Li Muhua references remembered objects in her paintings. These objects, such as children’s books, bars of chocolate, letters, and doors, are products of memory – though not singular or specific as they are either found online or referenced from objects she has encountered in the course of her life. The rigorous, restrained lines and blocks of color provide a silent sense of order, and the compositions have a neo-classical dignity and exquisite balance. Li fills entire paintings with small objects from daily life. When filled with standalone images of objects, the paintings themselves become objects and seem to take on their weight and texture. By resembling reality, the paintings establish a surreal relationship between the viewer and the object.

Liu Youran attempts to unearth feminine ways of looking and the predicaments in real life. Women often actively or passively split themselves into two connected yet opposing identities: observer and the observed.

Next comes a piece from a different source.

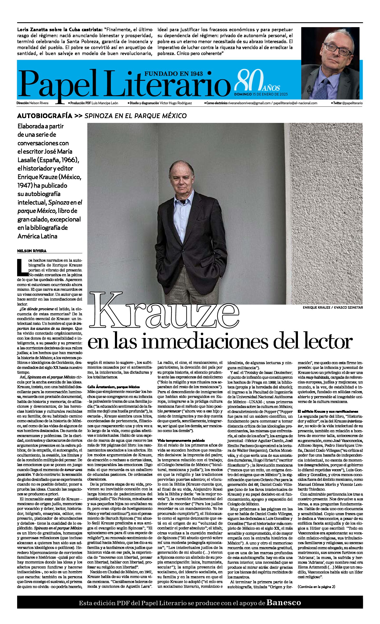 Enrique Krauze en las inmediaciones del lector, en el Papel Literario

She uses spaces from classic ukiyo-e that once held prostitutes or actresses to guide the viewer’s thinking. In her Display and Room series, Liu consciously adds distance between the figures and situates them in closed spaces, in order to highlight the status of these women as objects. The women in the paintings appear contented and comfortable, but they are searching for an internally consistent compromise in a passive world. Her surrealist painting language blurs Spatio-temporal boundaries and the logical constraints of reality, thereby creating softer metaphors.

By magnifying microcosms, Wang Su manifests a deep desire to perceive all things in the natural world. A noble symmetry gives natural things more dignity and decorum, which injects a precious conviction into the images. She understands that she is connected to every tree and blade of grass, and she finds a broad, romantic power in their subtleties. She is fascinated by richly layered things, and her stratified style and deep, passionate colors seem to interpret mystical laws and help a primeval vitality to break through. She paints the vital force and vivid blossoming of all things in colors that slowly flow from her subconsciousness. Wang has the spirit of a naturalist, which is closely related to her life overseas and her own experiences of nature.

The explorations in Zhou Xinyu’s “blue paintings” are profound. The melancholy of the blue is always close at hand, following us in our difficult moments with an existentialist sensibility. Inspired by distorted videos or fragments of light and shadow, she focuses on fleeting things and women’s sense of their own fragility. The estrangement evoked by the figures in Zhou’s paintings mingles with stagnant emotions and cool gazes. The visual centers of the works are always symbolic gestures, which articulate the woman’s inner monologue and become totemic. We can sense the visual oppressiveness of a pair of folded hands or a tightened jaw. Zhou said, “By constantly deepening that sense of stillness, all of the brushwork in the image seems to be tied there.”